(Records excerpted from a collection)

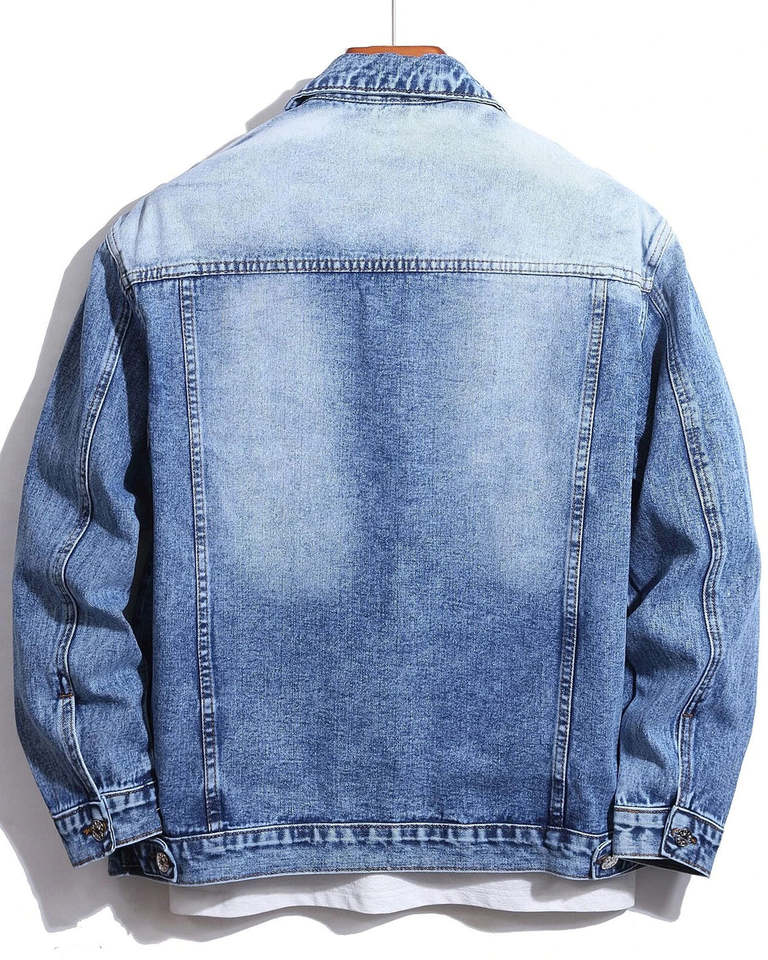 แจ็คเก็ตยีนส์ผู้ชายสไตล์วินเทจสำหรับสวมใส่ลำลอง ผลิตจากผ้าที่ทนทาน ทรงทันสมัย และให้ความรู้สึกโดดเด่นแบบแฟชั่นสตรีท
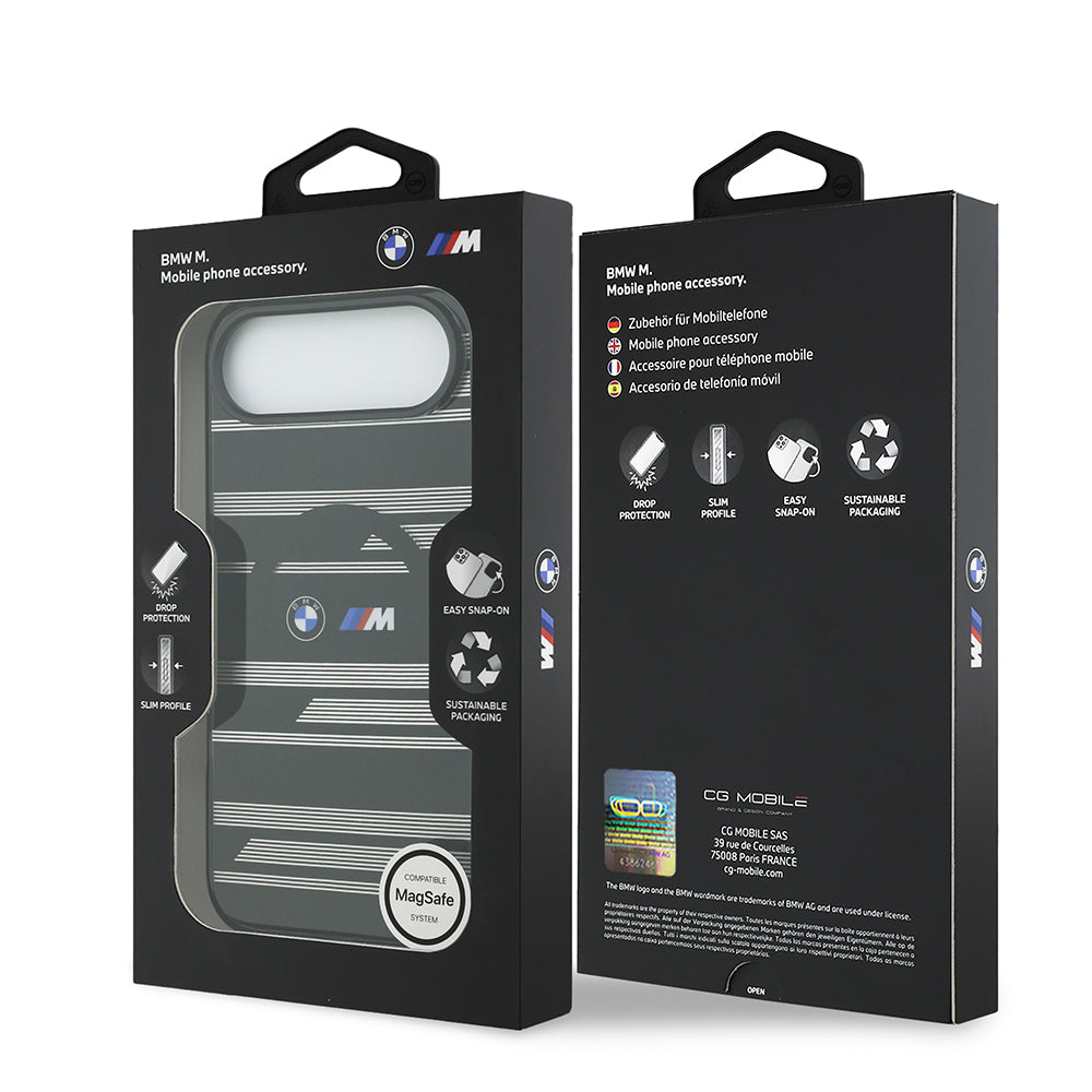 iPhone 17 Air Kılıf BMW Orjinal Lisanslı M-safe Şarj Özellikli Metal Kamera Butonlu Yatay Şeritli M Dizayn Kılıf
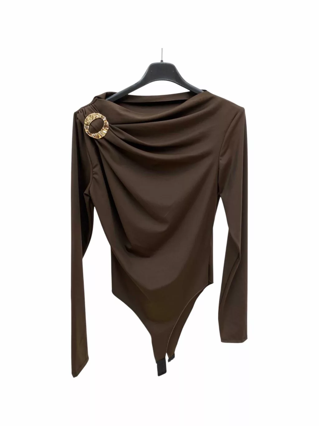 BeUnique Fashion Hidegselyem body arany dekor gombbal Coffee One Size
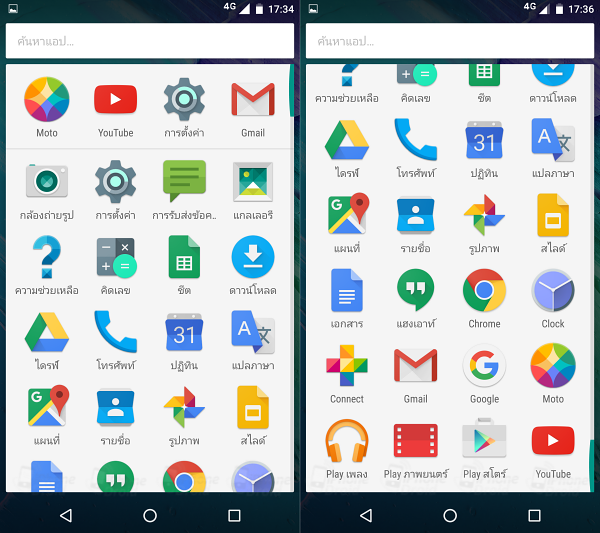 App Drawer จะจัดเรียงแบบหน้าเดียวยาวลงไปด้านล่าง ใช้การเลื่อนขึ้น-ลงเพื่อดูรายการถัดไป โดยบริเวณแถบด้านบนจะมีช่องสำหรับค้นหา และรายการแอพพลิเคชั่นที่เปิดใช้งานล่าสุด และแอพพลิเคชั่นที่ติดตั้งมากับเครื่องส่วนใหญ่จะเป็นของ Google App และแอพพลิเคชั่นของตัวระบบ โดยมีของ Moto อยู่ 2 แอพ ได้แก่ Moto และ Connect
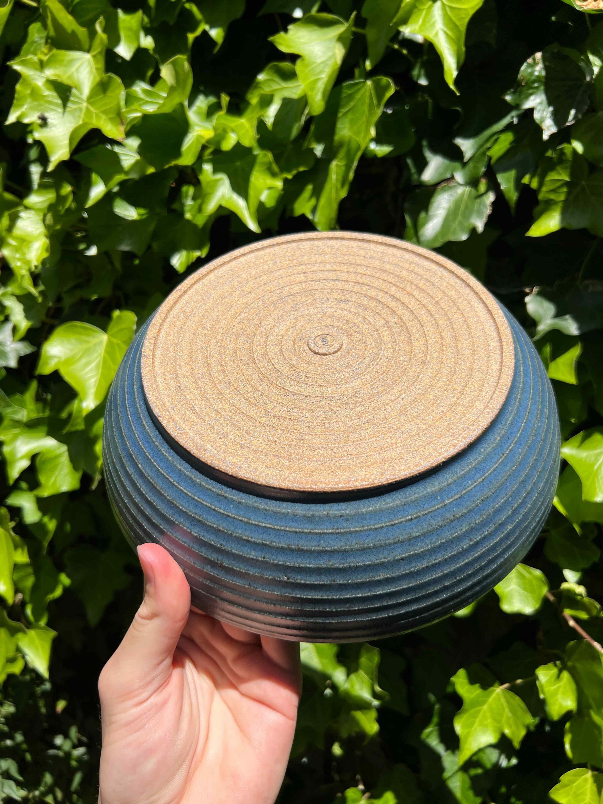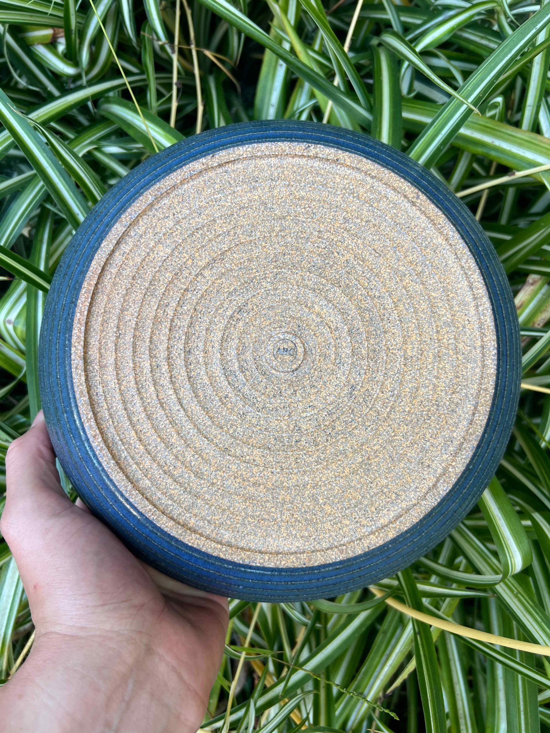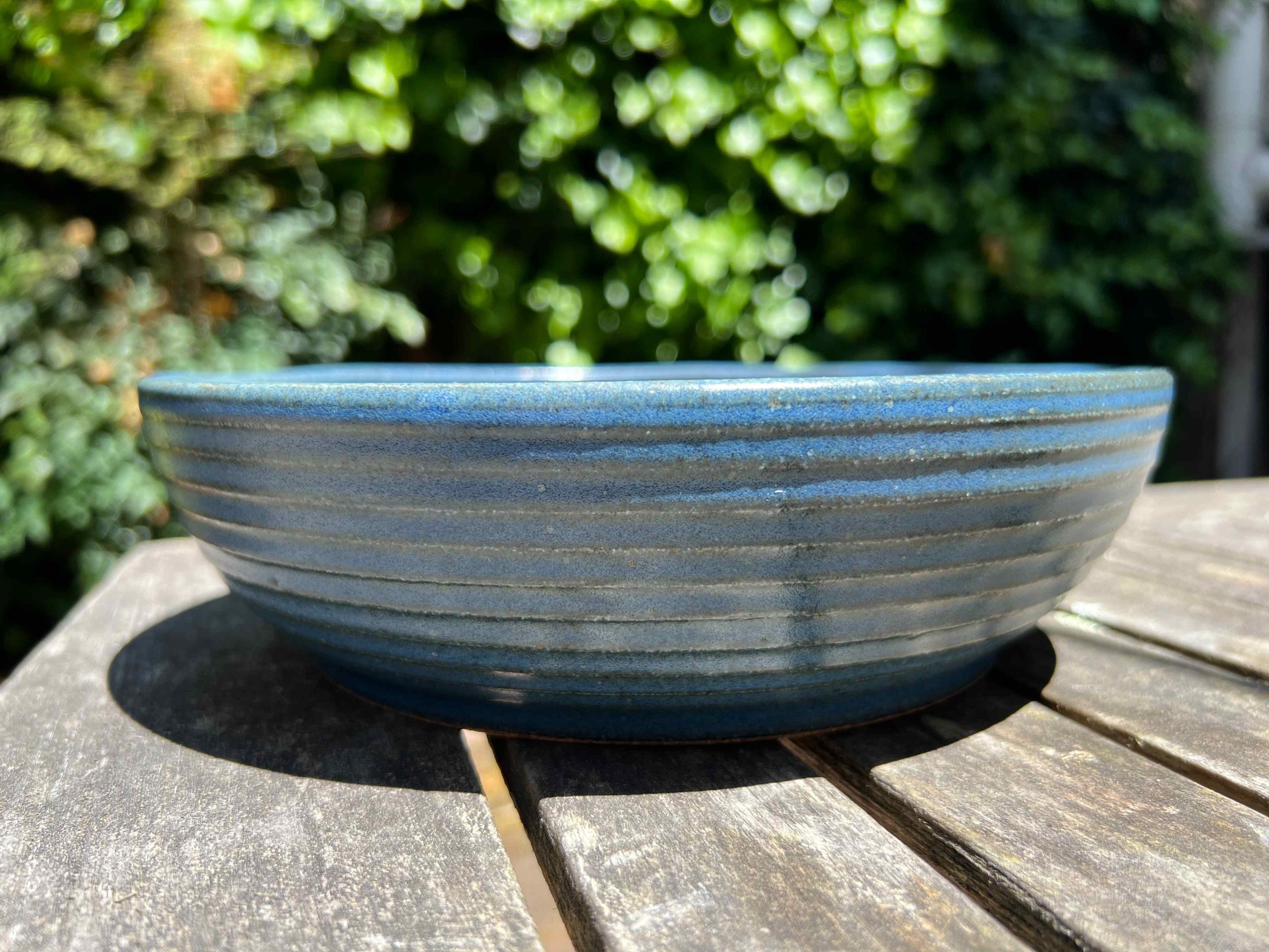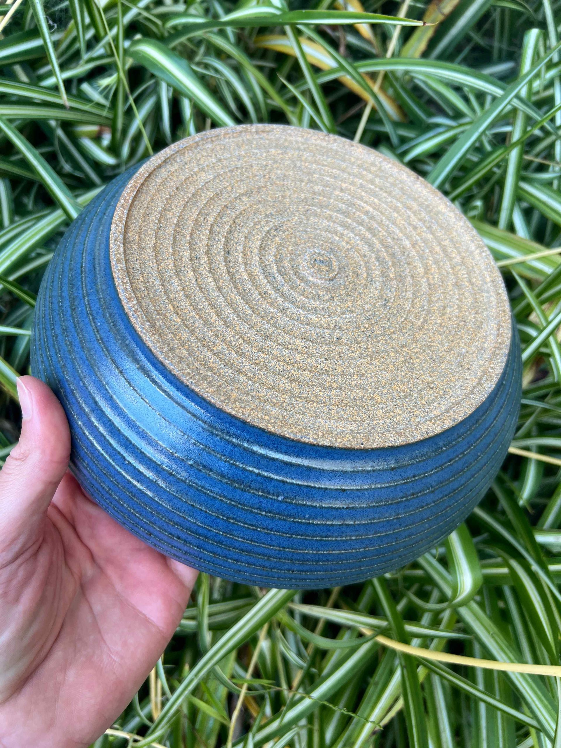 Our blue serving bowl is a great wide bowl for your next dinner party. The texture is added after the trimming process. The perfect piece for any kitchen.
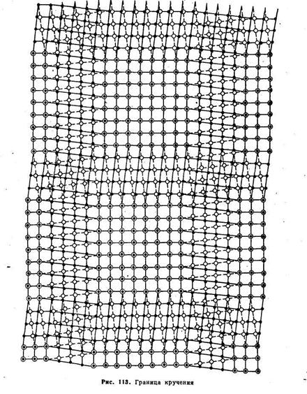 Малоугловая граница кручения образована рядом винтовых дислокаций (на рис. 113 черные кружки обозначают атомы ниже плоскости границы, а светлые — выше ее).
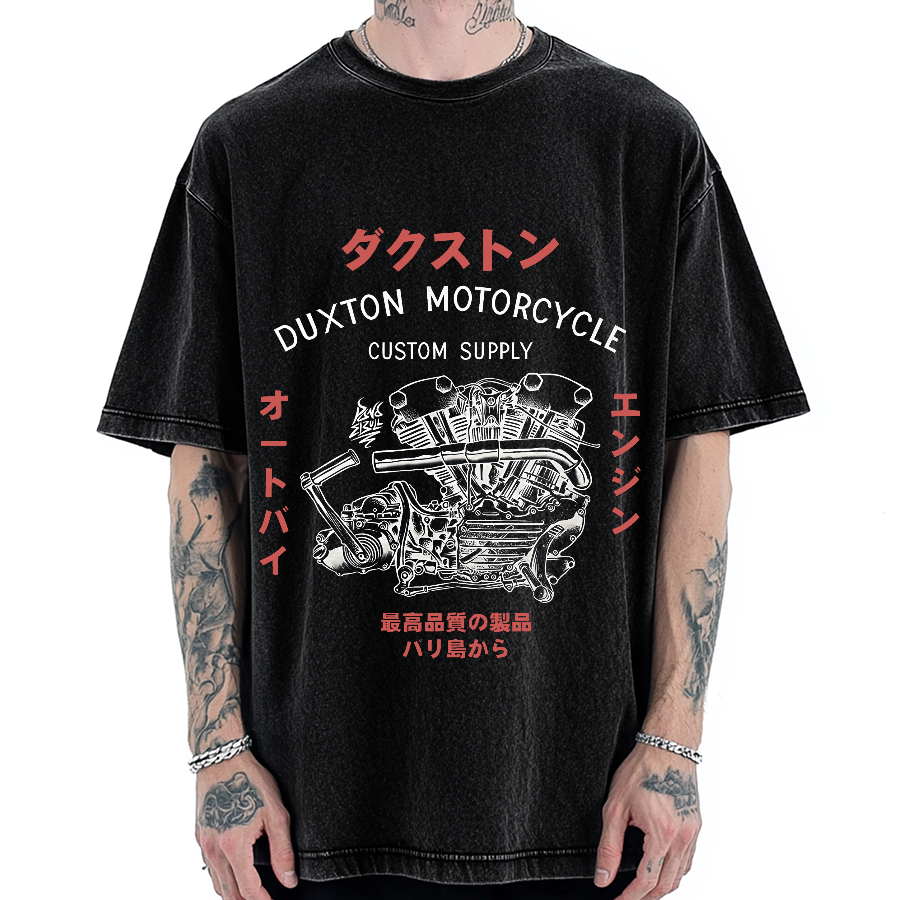 Japanese Retro Motorcycle Japanese Design Vintage Washed T-shirt

> _Work to be completed_:
The complete set of records should be written out again, pictures excluded.

> _Answer section_:
 แจ็คเก็ตยีนส์ผู้ชายสไตล์วินเทจสำหรับสวมใส่ลำลอง ผลิตจากผ้าที่ทนทาน ทรงทันสมัย และให้ความรู้สึกโดดเด่นแบบแฟชั่นสตรีท
 iPhone 17 Air Kılıf BMW Orjinal Lisanslı M-safe Şarj Özellikli Metal Kamera Butonlu Yatay Şeritli M Dizayn Kılıf
 BeUnique Fashion Hidegselyem body arany dekor gombbal Coffee One Size
 App Drawer จะจัดเรียงแบบหน้าเดียวยาวลงไปด้านล่าง ใช้การเลื่อนขึ้น-ลงเพื่อดูรายการถัดไป โดยบริเวณแถบด้านบนจะมีช่องสำหรับค้นหา และรายการแอพพลิเคชั่นที่เปิดใช้งานล่าสุด และแอพพลิเคชั่นที่ติดตั้งมากับเครื่องส่วนใหญ่จะเป็นของ Google App และแอพพลิเคชั่นของตัวระบบ โดยมีของ Moto อยู่ 2 แอพ ได้แก่ Moto และ Connect
 Our blue serving bowl is a great wide bowl for your next dinner party. The texture is added after the trimming process. The perfect piece for any kitchen.
 Малоугловая граница кручения образована рядом винтовых дислокаций (на рис. 113 черные кружки обозначают атомы ниже плоскости границы, а светлые — выше ее).
 Japanese Retro Motorcycle Japanese Design Vintage Washed T-shirt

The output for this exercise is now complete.